GOAL OF THE EXERCISE | Would you retype, word for word, the line with "La capuche Viper" and each line after it to the end of the entries below, leaving the pictures out?

DATASET CONTENT |
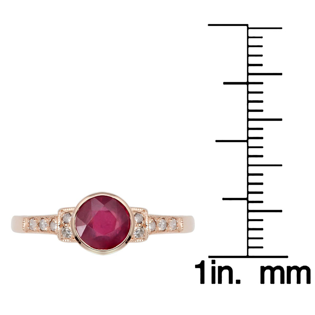 Enhance any wardrobe with this beautiful Ruby and diamond ring. This ring showcases a genuine natural 6mm round Ruby. The vintage inspired design features milgrain with pave-set diamond side stones. Crafted of 10k rose gold, this piece is a wonderful addition to your jewelry collection.
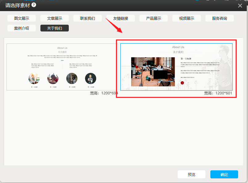 1. 在pc版建站,素材模块“关于我们”中新增了一个样式,如图所示:
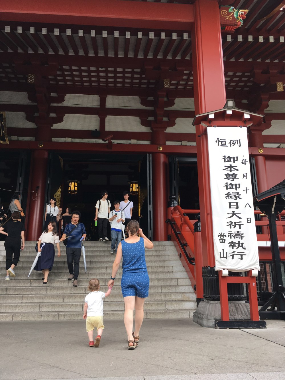 Onze laatste vakantiedag spenderen we in Tokyo zelf. We starten de dag met ochtendgymnastiek op Japanse kindertv (met dansende en zingende rijstballen, je kan het zo gek niet bedenken) en nemen na het ontbijt de Tokyo metro naar Asakusa.
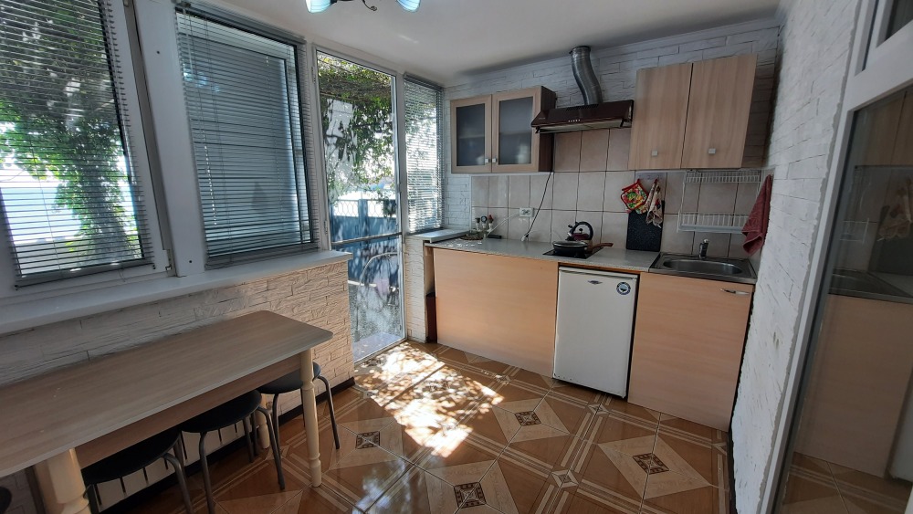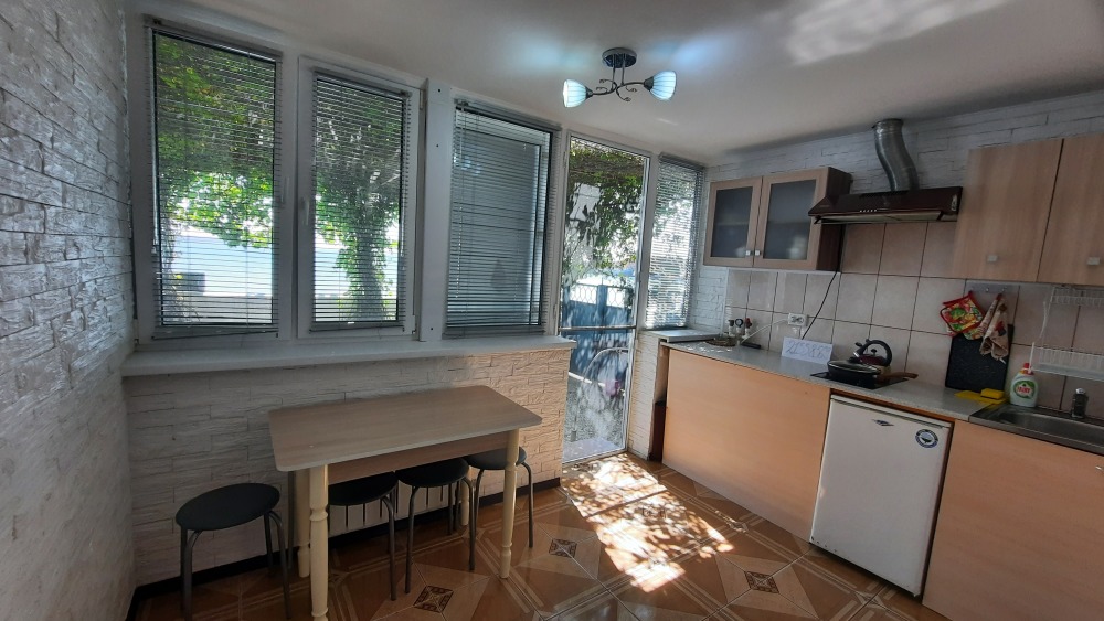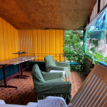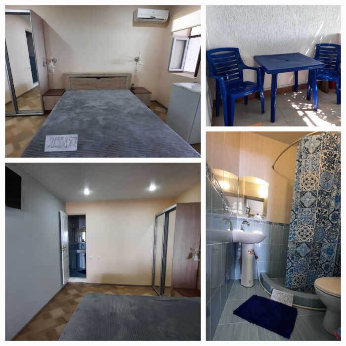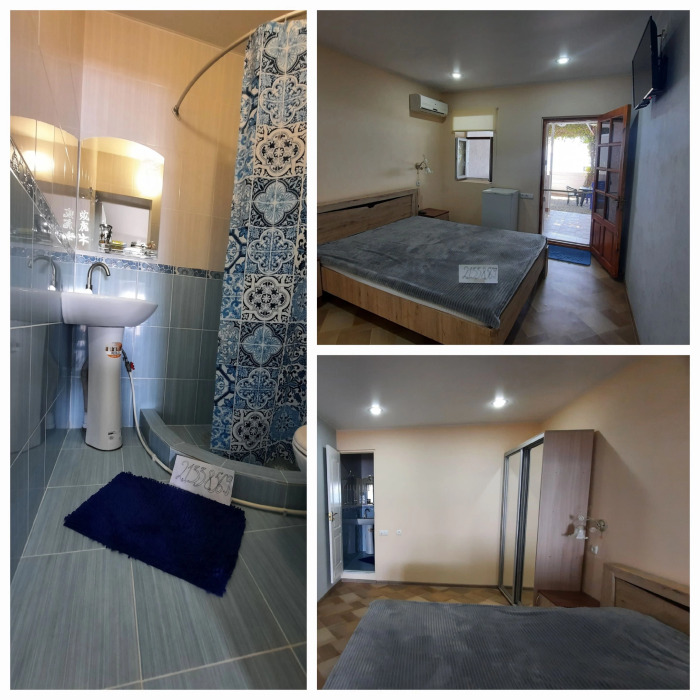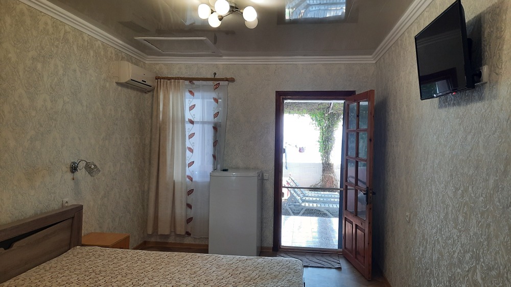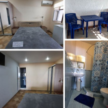 3-х комнатный номер оборудован отдельной кухней, холодильником, телевизором, Wi-Fi, санузлом, стиральной машиной, бойлером, а также собственной террасой с выходом на пляж.
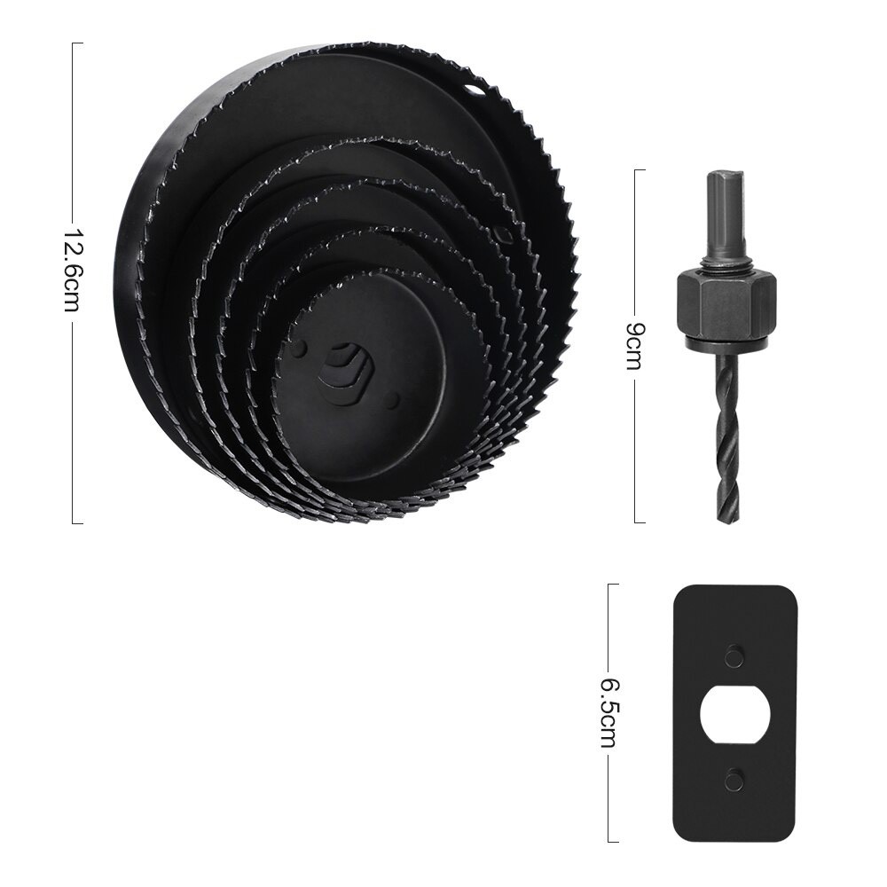Nhà cửa & Đời sống > Dụng cụ & Thiết bị tiện ích > Dụng cụ > Khác || BỘ 8PC - KHOÉT LỖ GỖ VÀ THACH CAO, với 5 vành khoét Ø64, Ø76, Ø89, Ø102, Ø127(mm), khoét gỗ, thạch cao, alumium, micaCòn hàng
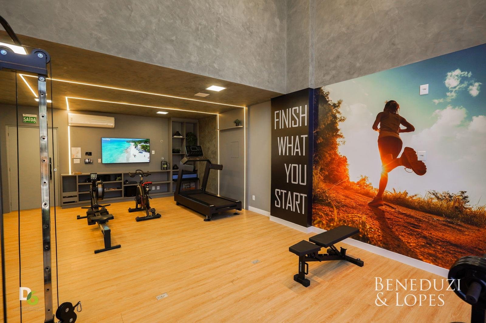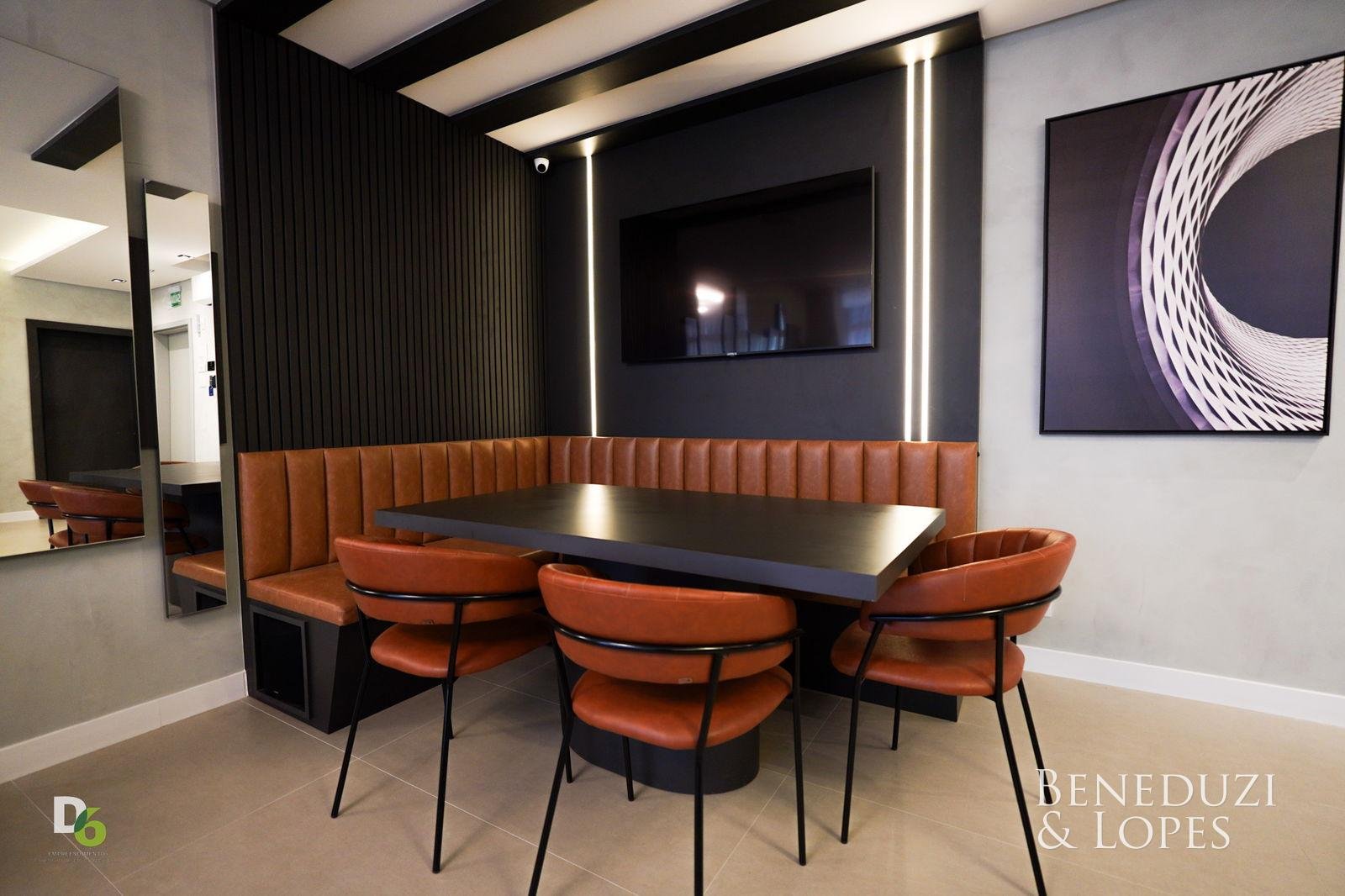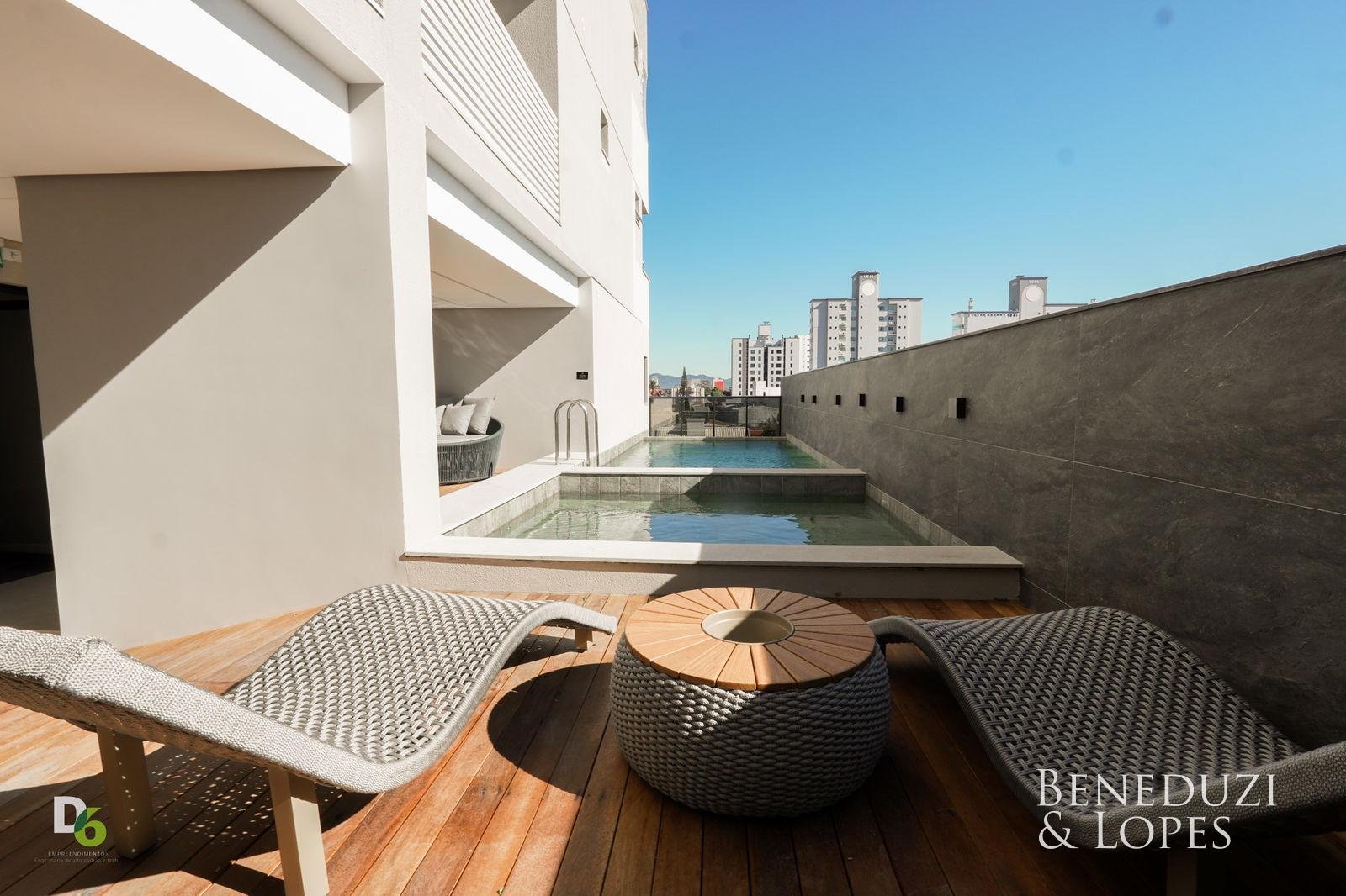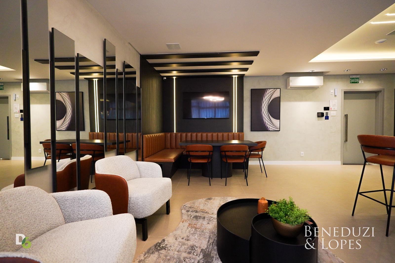 A unidade possui infraestrutura para água quente, espera para ar-condicionado tipo split em todos os ambientes, acabamento em gesso, além de piso porcelanato no living e cozinha e piso vinílico nos dormitórios. Dispõe também de infraestrutura para TV, telefone e internet, circuito interno de TV, tubulação para água quente e fria, puxadores diferenciados e vaso sanitário monobloco, reforçando o padrão de qualidade do imóvel.
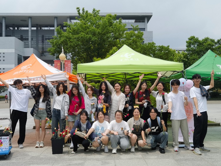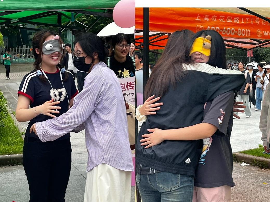 活动开始后,志愿者们戴上了可爱的眼罩,张开着手臂,等待着每一个向她们走来的“拥抱”。鲜花与气球点缀了石头广场,营造了一个充满爱与温暖的环境。我们通过拥抱的方式,满足同学们对倾诉、关怀和爱的心灵需求,以营造和谐温暖,向上向善的校园氛围。
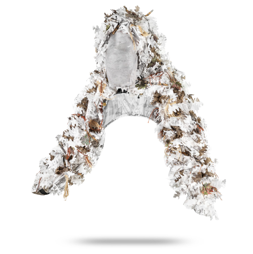 La capuche Viper est une cape de camouflage légère et respirante, conçue pour un déploiement rapide et une mobilité maximale. Son camouflage intègre plus de 10 types de feuilles en coton recyclé, nylon et polyamide, créant un volume naturel et un fondu efficace dans l'environnement. Ses coudes renforcés, ses zones MOLLE et sa capuche ajustable la rendent idéale pour la reconnaissance, l'approche furtive ou comme vêtement à superposer à l'équipement en terrain forestier.
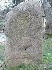 Sweyn se rebeló contra su padre, que gastó una exagerada cantidad de tiempo y dinero levantando una gran piedra en Jelling conmemorando sus logros. Un día, el rey Harald preguntó a un viajero si alguna vez había visto seres humanos mover un peso tan descomunal. "He visto a Sweyn llevarse a toda Dinamarca de ti. Juzga tú mismo cual de los dos lleva la carga más pesada."[16]
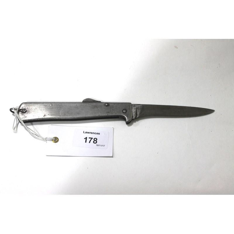 A GERMAN ALL STEEL KNIFE A D R G M marked Mercator lockknife with well used blade of 3.1/2". Overall length of 9".
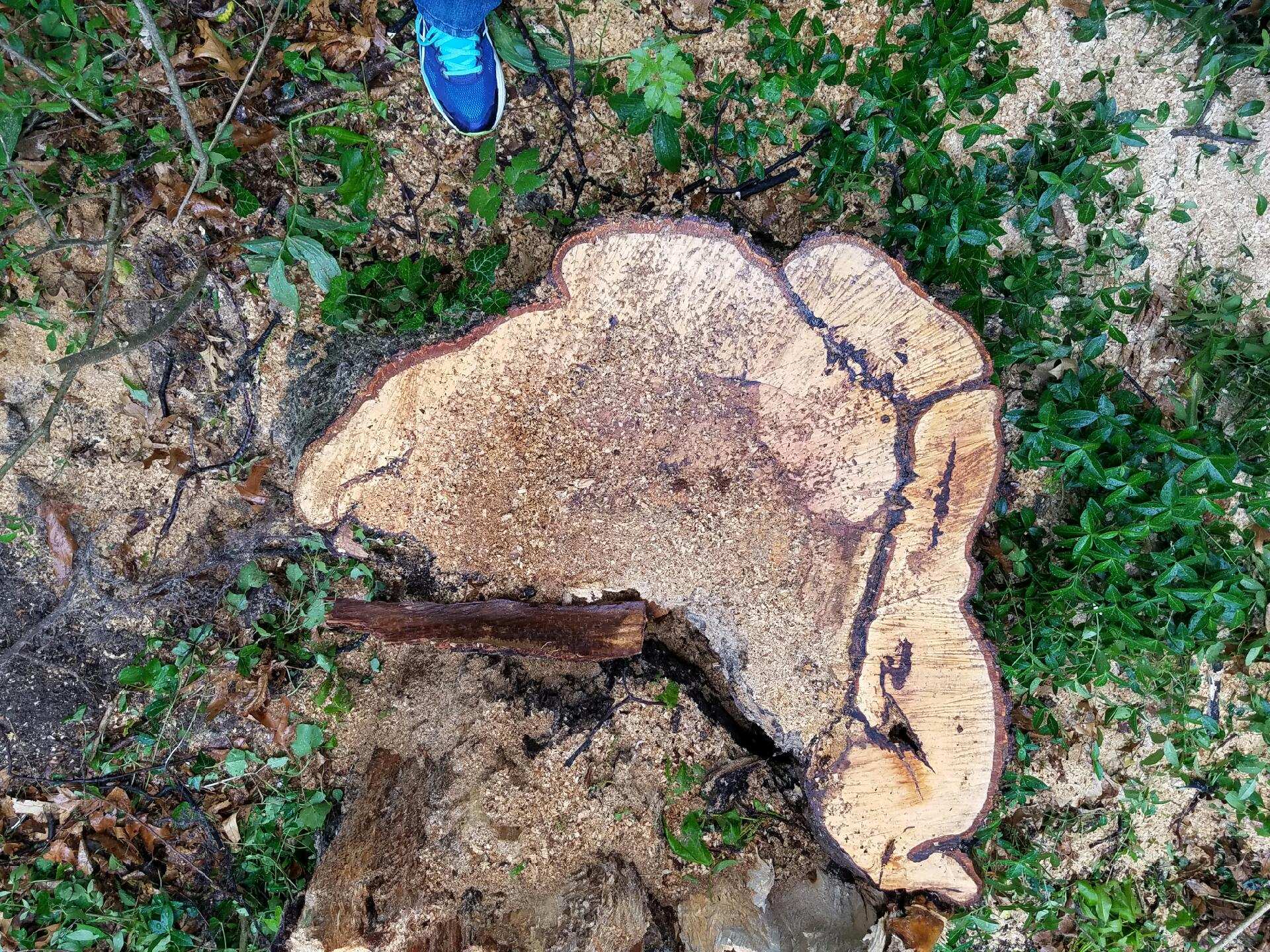 Dad was still not convinced that the remaining trunk needed to come down. I was trying to conspire with Jane to force the issue. In the end the tree guys called by the neighbors took down the remaining trunk in addition to cleaning up it’s sibling.

REPLY TO THE EXERCISE |
 La capuche Viper est une cape de camouflage légère et respirante, conçue pour un déploiement rapide et une mobilité maximale. Son camouflage intègre plus de 10 types de feuilles en coton recyclé, nylon et polyamide, créant un volume naturel et un fondu efficace dans l'environnement. Ses coudes renforcés, ses zones MOLLE et sa capuche ajustable la rendent idéale pour la reconnaissance, l'approche furtive ou comme vêtement à superposer à l'équipement en terrain forestier.
 Sweyn se rebeló contra su padre, que gastó una exagerada cantidad de tiempo y dinero levantando una gran piedra en Jelling conmemorando sus logros. Un día, el rey Harald preguntó a un viajero si alguna vez había visto seres humanos mover un peso tan descomunal. "He visto a Sweyn llevarse a toda Dinamarca de ti. Juzga tú mismo cual de los dos lleva la carga más pesada."[16]
 A GERMAN ALL STEEL KNIFE A D R G M marked Mercator lockknife with well used blade of 3.1/2". Overall length of 9".
 Dad was still not convinced that the remaining trunk needed to come down. I was trying to conspire with Jane to force the issue. In the end the tree guys called by the neighbors took down the remaining trunk in addition to cleaning up it’s sibling.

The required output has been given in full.